§ **Source information**
════════════════════
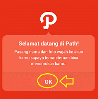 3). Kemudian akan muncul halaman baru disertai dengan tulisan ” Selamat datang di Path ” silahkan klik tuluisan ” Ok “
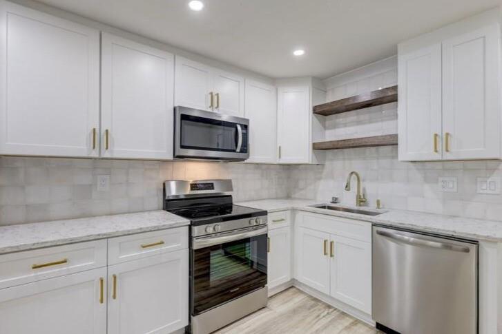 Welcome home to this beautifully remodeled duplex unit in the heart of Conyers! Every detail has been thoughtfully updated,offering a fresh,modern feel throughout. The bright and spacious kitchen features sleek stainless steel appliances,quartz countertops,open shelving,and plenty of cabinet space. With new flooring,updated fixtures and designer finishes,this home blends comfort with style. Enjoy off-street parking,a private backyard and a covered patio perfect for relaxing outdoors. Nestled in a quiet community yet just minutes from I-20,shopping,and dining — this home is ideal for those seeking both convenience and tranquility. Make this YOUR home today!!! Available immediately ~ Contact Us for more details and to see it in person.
════════════════════
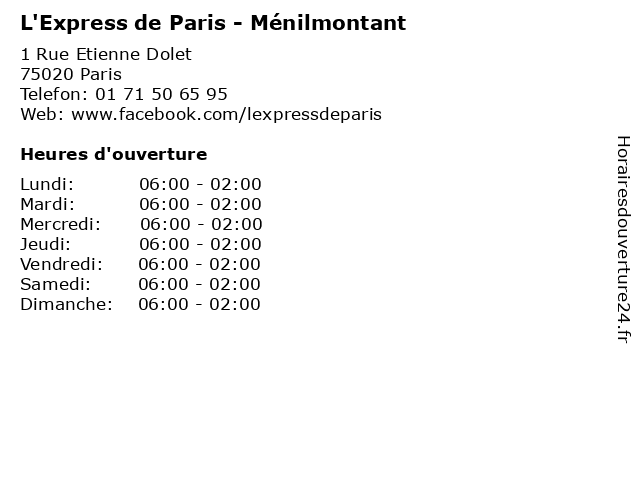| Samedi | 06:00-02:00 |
════════════════════
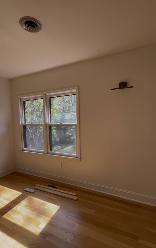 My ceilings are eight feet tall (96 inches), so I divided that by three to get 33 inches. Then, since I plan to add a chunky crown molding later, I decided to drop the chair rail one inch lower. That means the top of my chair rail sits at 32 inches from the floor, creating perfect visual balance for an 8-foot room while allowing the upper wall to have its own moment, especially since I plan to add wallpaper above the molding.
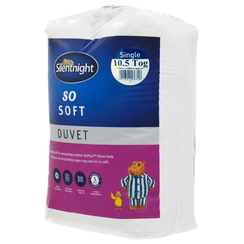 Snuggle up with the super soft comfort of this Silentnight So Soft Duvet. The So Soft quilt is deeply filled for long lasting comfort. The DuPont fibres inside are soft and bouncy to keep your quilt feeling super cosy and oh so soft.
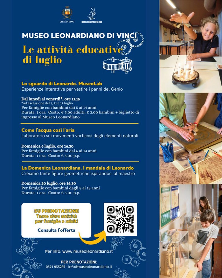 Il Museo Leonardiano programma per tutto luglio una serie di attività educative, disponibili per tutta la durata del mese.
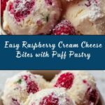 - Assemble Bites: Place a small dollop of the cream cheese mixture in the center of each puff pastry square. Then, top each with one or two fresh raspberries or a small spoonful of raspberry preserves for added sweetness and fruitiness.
════════════════════
In the records above, find the line with "Il Museo Leonardiano" and the line with "- Assemble Bites: Place", then restate word for word only those two lines and all lines between, omitting pictures.

§ **Answer box**
 Il Museo Leonardiano programma per tutto luglio una serie di attività educative, disponibili per tutta la durata del mese.
 - Assemble Bites: Place a small dollop of the cream cheese mixture in the center of each puff pastry square. Then, top each with one or two fresh raspberries or a small spoonful of raspberry preserves for added sweetness and fruitiness.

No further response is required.